- [PROBLEM STATEMENT]: Make an exact copy of the lines from the one containing "同組合の森嵩平組合長は「今年" through the end of the material, including both ends but no pictures.

- [RECORDED DATA]:
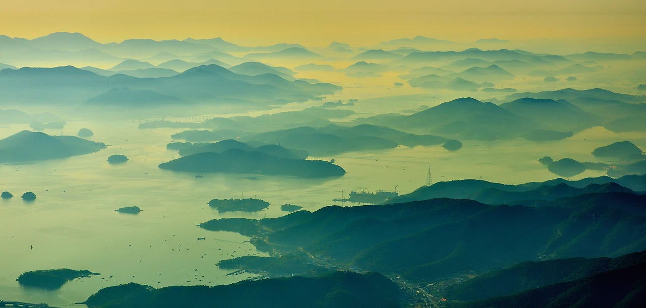 이른 아침 바다를 깨우는 햇살이 수많은 섬과 섬이 중첩된 장관을 연출한다. 남해의 백미는 경남 통영 한산도에서 사천, 남해를 거쳐 전남 여수까지 이어지는 연안수로. 거울처럼 잔잔한 물결, 곳곳에 자리한 섬, 고요한 포구, 한가로이 떠 있는 범선의 경관이 아름다워 1968년 이 일대를 한려해상국립공원으로 지정했다. 섬이 많은 남해의 해안선은 굴곡이 심해 인간이건 짐승이건 물고기건 기댈 곳이 많다.
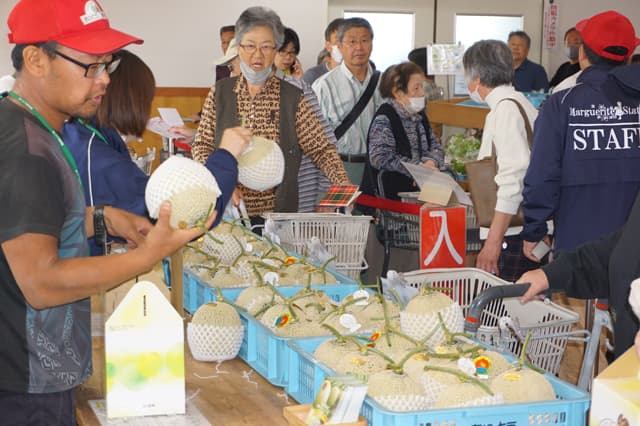 同組合の森嵩平組合長は「今年も、あと味すっきりのさわやかな甘さと香りのメロンができたので、ぜひ楽しんでほしい」とPRしていた。
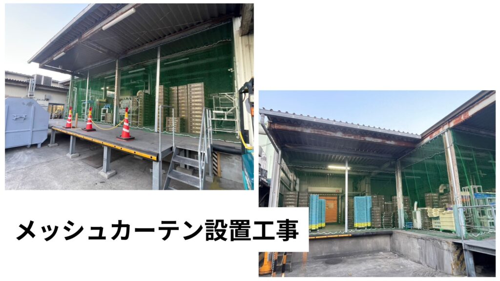 愛知県稲沢市にある食品工場様にて、メッシュカーテンの設置工事を行いました。
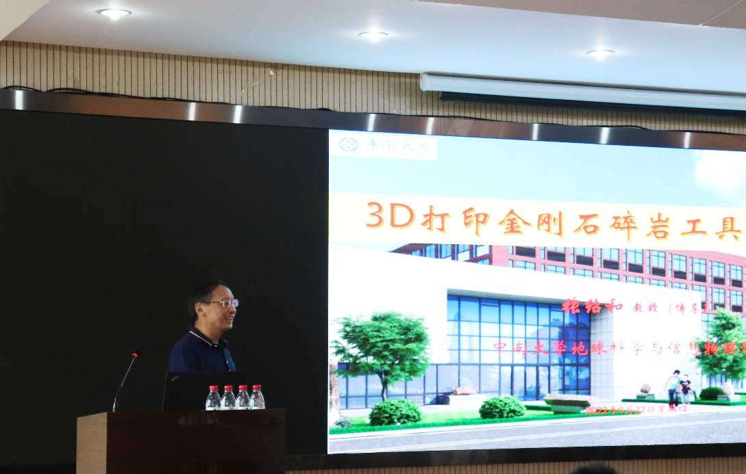 张绍和教授作了题为“3D打印金刚石碎岩工具研究进展”的学术报告。他首先介绍了3D打印技术的产生及发展历程,引出该技术在金刚石工具领域的应用;分析总结了3D打印金刚石工具的制备方法,以及当下各种制备方法的优缺点;解读了3D打印金刚石地质钻头的研究过程,着重剖析了3D打印金刚石超薄片的制备技术和全过程的难点要点;详细阐述了3D打印金刚石复合片及钻头的技术路线和最新研究成果。最后,张绍和教授在SLS、EBM等高能束3D打印金刚石工具、间接3D打印制造金刚石工具和3D打印金刚石工具三个方向对未来金刚石工具制备提出了展望。

- [EXERCISE RESPONSE]:
 同組合の森嵩平組合長は「今年も、あと味すっきりのさわやかな甘さと香りのメロンができたので、ぜひ楽しんでほしい」とPRしていた。
 愛知県稲沢市にある食品工場様にて、メッシュカーテンの設置工事を行いました。
 张绍和教授作了题为“3D打印金刚石碎岩工具研究进展”的学术报告。他首先介绍了3D打印技术的产生及发展历程,引出该技术在金刚石工具领域的应用;分析总结了3D打印金刚石工具的制备方法,以及当下各种制备方法的优缺点;解读了3D打印金刚石地质钻头的研究过程,着重剖析了3D打印金刚石超薄片的制备技术和全过程的难点要点;详细阐述了3D打印金刚石复合片及钻头的技术路线和最新研究成果。最后,张绍和教授在SLS、EBM等高能束3D打印金刚石工具、间接3D打印制造金刚石工具和3D打印金刚石工具三个方向对未来金刚石工具制备提出了展望。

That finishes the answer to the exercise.